I first came across his short story ‘A,B &C’ in a secondary school English textbook. My teacher at the time was Dennis Dunning, who has since, sadly, passed. Dennis gave me more confidence, as a writer, than anyone in my life. One day, as I was packing to leave his class and a group of much older boys were arriving for their lesson, he stopped me and shushed the room. Addressing the older boys, he remarked – “If only you guys could write like him.” Me? He was talking about me? It is terribly vain to need such approval, such public approval but I’m a writer, and we do vain professionally. It wasn’t all roses and sunshine, though. He was capable of reproving red-pen comments too. But he showed me that, whatever it was, I had it. Time has yet to rule on whether that it I have is of any use to anyone, but that is by-the-by.
Dennis loved what he did and that came across in every lesson. He never tired of Yeats, of Shakespeare, of Dickens or of Kavanagh. He never grew weary of his student’s ham-fisted attempts at expression or analysis (mine included). He urged us on, demanding that we experience the text, that we meet the writer, that we connect with the age. Once a year he would bring us, his unwashed Christian Brothers’ students, en masse in a big dirty bus to the village of Prosperous in County Kildare, his hometown, where we would see the local Am-Dram production of Big Maggie or Doctor Fell. He’d be up there on that tiny stage, grease-painted, showing us that the words were alive and vigorous, that the language was real. Those nights will remain with me always.
I finished school and I guess I got lost in the demands of a noisy world. I forget about writing, I forgot about Dennis.

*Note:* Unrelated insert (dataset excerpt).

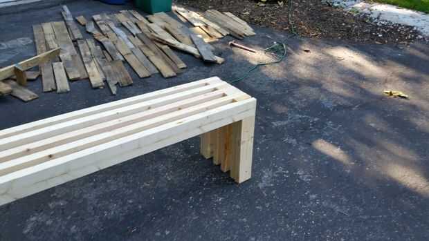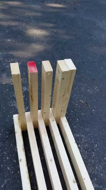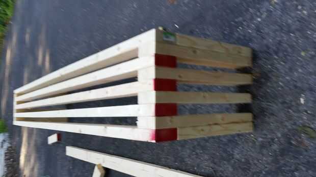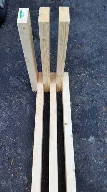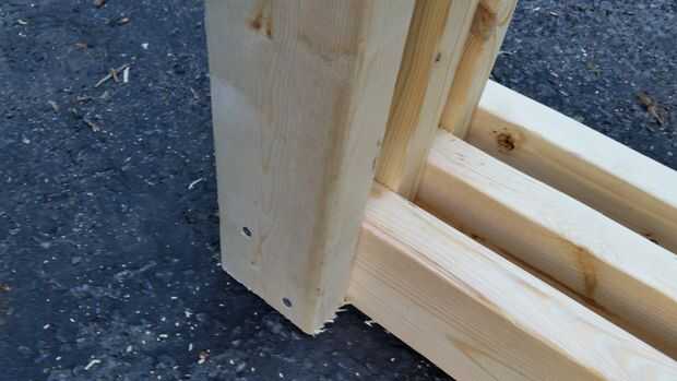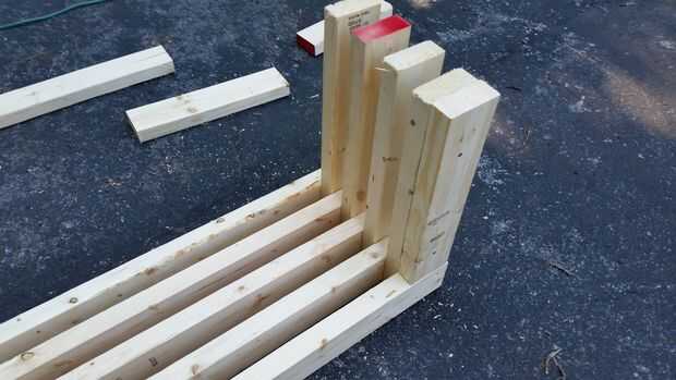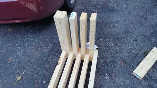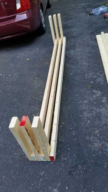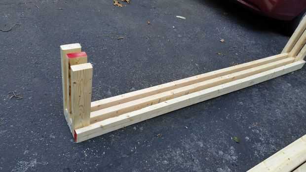 Quería mantener el televisor de la consola mucho tiempo y baja (para jugar el perfil moderno y así pude poner una tv en la parte superior que me dejará rompió haciendo sonar), usé toda la longitud de los postes de madera como la longitud y corte 3 otras vigas en 20 pulgadas piezas para las piernas. Yo elegí estratégicamente esta altura para ocultar los enchufes en la pared. Entonces simplemente capa y atorníllelos, añadir otra capa, tornillo juntos, y así sucesivamente hasta obtener el ancho que desee. Mi estructura final tenía 9 capas todos juntos. Probablemente me llevó 20 minutos para construirlo, que no es demasiado malo. Naturalmente me quité el resto del día y comenzó la fase 2 en el día siguiente (porque soy todavía perezoso y todo).

Many years later, during a casual conversation with old school friends, someone said, in passing, that Dennis Dunning had died. I felt sure I had misheard. No. It was repeated – Dennis Dunning had died. Maybe it was months previous, maybe a few years, I can’t remember. I do remember the feeling that something precious had been stolen from me. As a writer I do vain and selfish.
The unwritten plan, the unspoken promise was lost. I never met with Dennis in those years after school, I never shared a pint and a laugh. That I never will is a great sadness.
Today, then, I have this collection, this homage to Stephen Leacock and, by association, a gentle ‘Thank You’ to Dennis Dunning, the grey-haired, cursing pedagogue. Thank you, Dennis.
From the desk of Thaddeus Lovecraft, April 2015.